Establishment of cell lines that exhibit correct ontogenic stage-specific gene expression profiles from tissues of yeast artificial chromosome transgenic mice using chemically induced growth signals.

Transgenic mice produced with human yeast artificial chromosomes (YACs) generally display transgene expression patterns that reflect those of the normal human host. Because mice are expensive and time-consuming to generate and maintain, extensive mutation-phenotype correlation studies cannot be readily carried out. Cell lines are better suited for analysis of a plethora of mutations. However, these types of gene regulatory studies have been complicated by the lack of suitable cell lines, most of which do not exactly replicate the gene expression patterns observed in vivo.

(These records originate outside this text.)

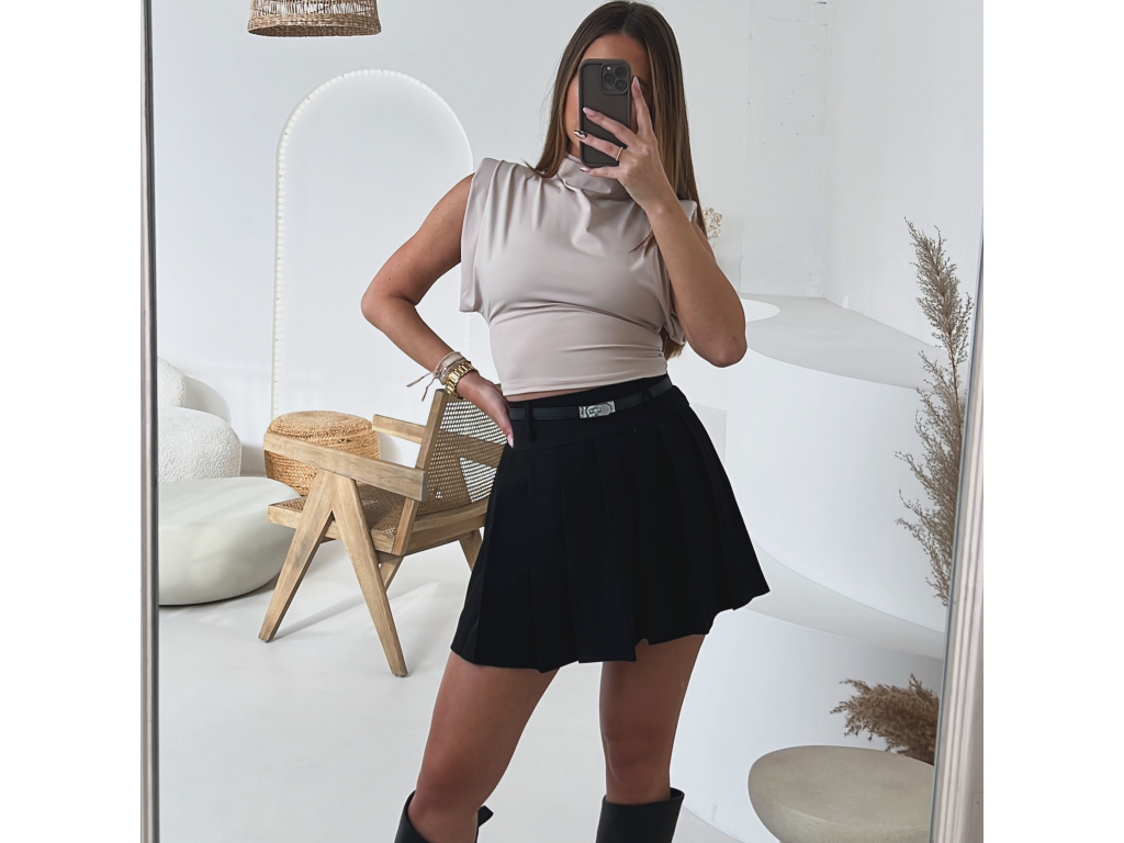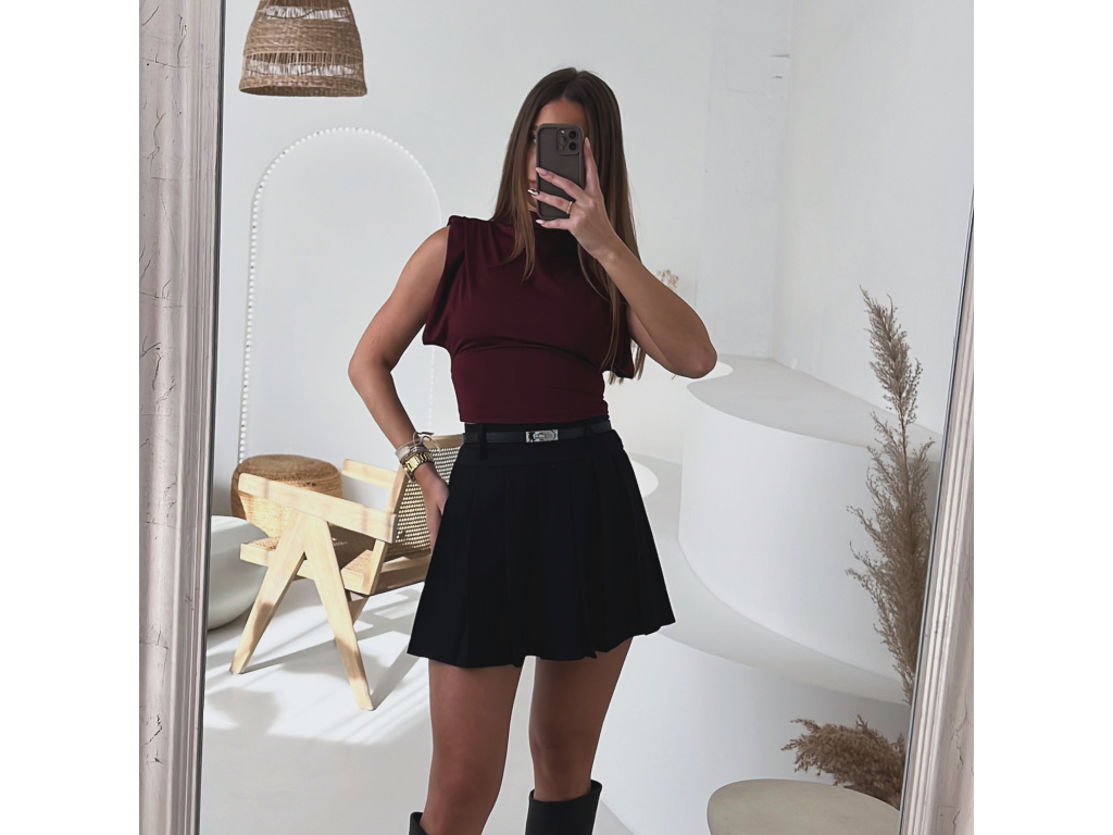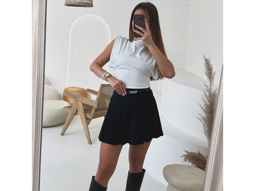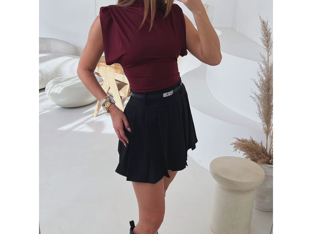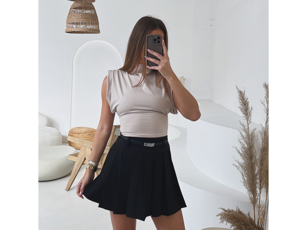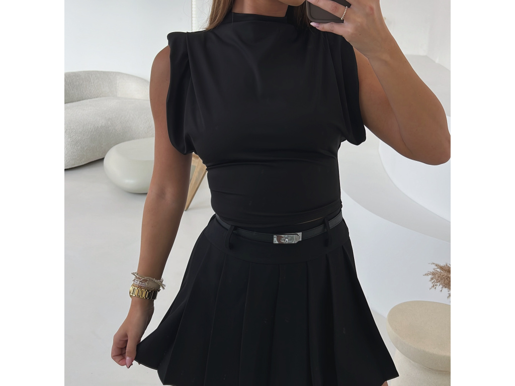 Elegantní top s výraznou siluetou ramen dodá tvému outfitu šmrnc i eleganci. Má jemné vycpávky v ramenou, zapínání za krkem na zlatý knoflík a je ušit z elastického, příjemného materiálu, který krásně obepne postavu. Skvěle se kombinuje se sukní, kalhotami i sakem – ideální volba pro stylové dny i večerní příležitosti.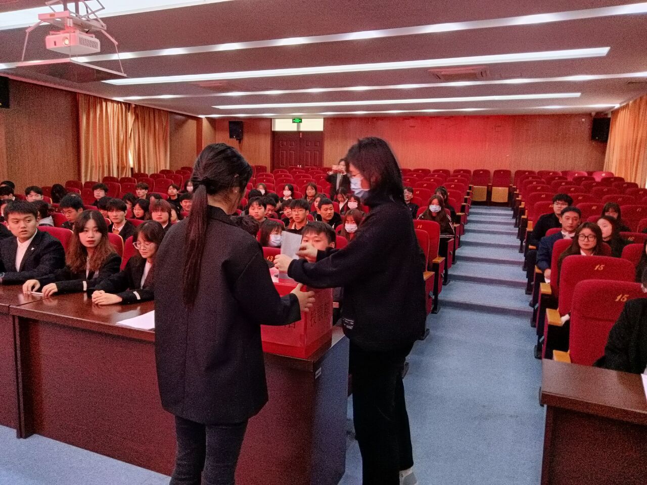 会议主持人宣读会议须知并宣布大会开始。在庄严雄壮的国歌声中,传媒与设计学院第四次学生代表大会拉开了帷幕。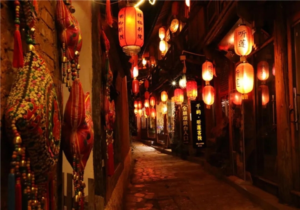 束河的美自然無需多言只在街巷上漫步游走看看清幽的街巷也會心生歡喜,夜幕降臨華燈初上束河古鎮。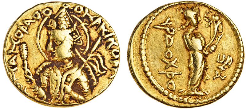 Kushan Empire, Huvishka, AV Dinar, 7.91g, nimbate bust of king left holding club, rev. goddess Ardoksho standing right holding cornucopia (Göbl 286), about very fine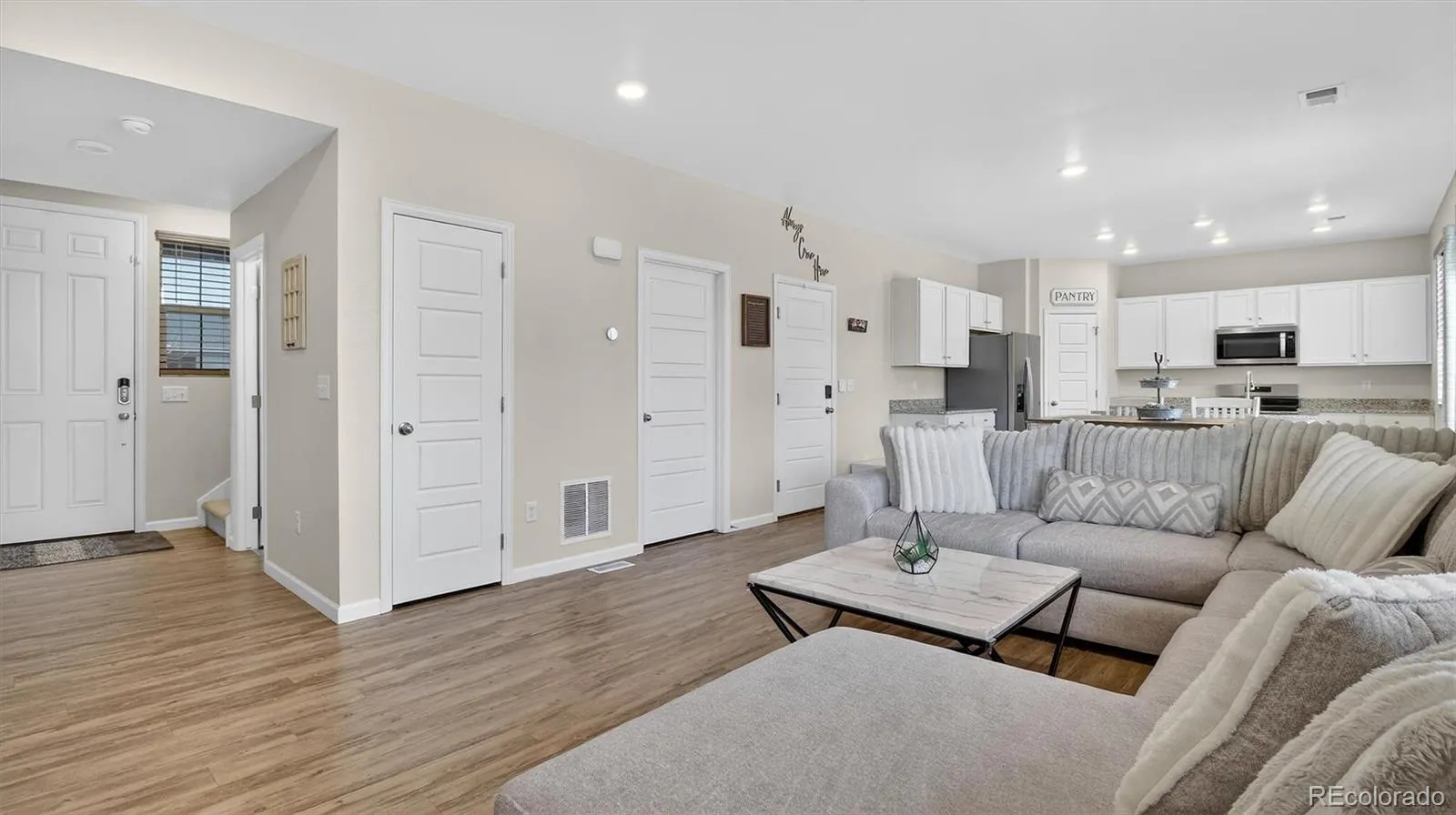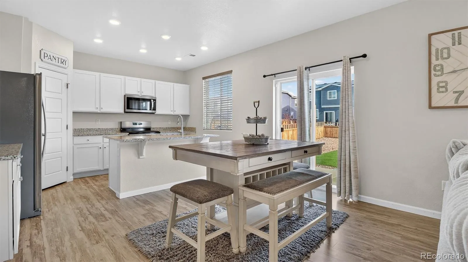 The low-maintenance turf in the backyard is perfect for relaxing, gardening, or hosting gatherings during Colorado’s beautiful seasons. An attached garage and generous storage enhance the home’s functionality and ease of living.

We reasoned that cells established from tissues of YAC transgenic mice might express the transgenes in the correct tissue and developmental stage-specific pattern from which they were derived because YAC transgenic mice display correct regulation of gene expression during ontogeny. We used our human beta-globin locus YAC (beta-YAC) transgenic mice to demonstrate this approach. All existing erythroid cell lines coexpress beta-like globins from different developmental stages or express them inappropriately based on the developmental stage from which they were obtained. Cell populations were established from the adult bone marrow (BM) of beta-YAC transgenic mice, which express exclusively adult beta-globin, using dimerizer technology. A derivative of the thrombopoietin receptor (mpl) was used to bring the proliferative status of primary BM marrow cells under the control of a small molecule drug called a chemical inducer of dimerization (CID). Cells generated in this manner can be expanded to extremely large numbers, remain strictly CID-dependent, and retain megakaryocytic, erythroid, and granulocytic potential. Marrow cells transduced with a retrovirus vector encoding the mpl derivative proliferated extensively in the presence of the CID, AP20187. RNAse protection assays demonstrated that the transcripts for human beta-globin and mouse alpha-globin were present, while gamma-globin transcripts were absent, thus, these cells had the predicted expression phenotype. Exposure to 5-azacytidine or introduction of a hereditary persistence of fetal hemoglobin mutation activated gamma-globin, which was expressed in addition to beta-globin, again consistent with the predicted expression profile of these cells. This approach extends the usefulness of YAC transgenic mice for the generation of cell lines amenable to more detailed studies regarding gene regulation.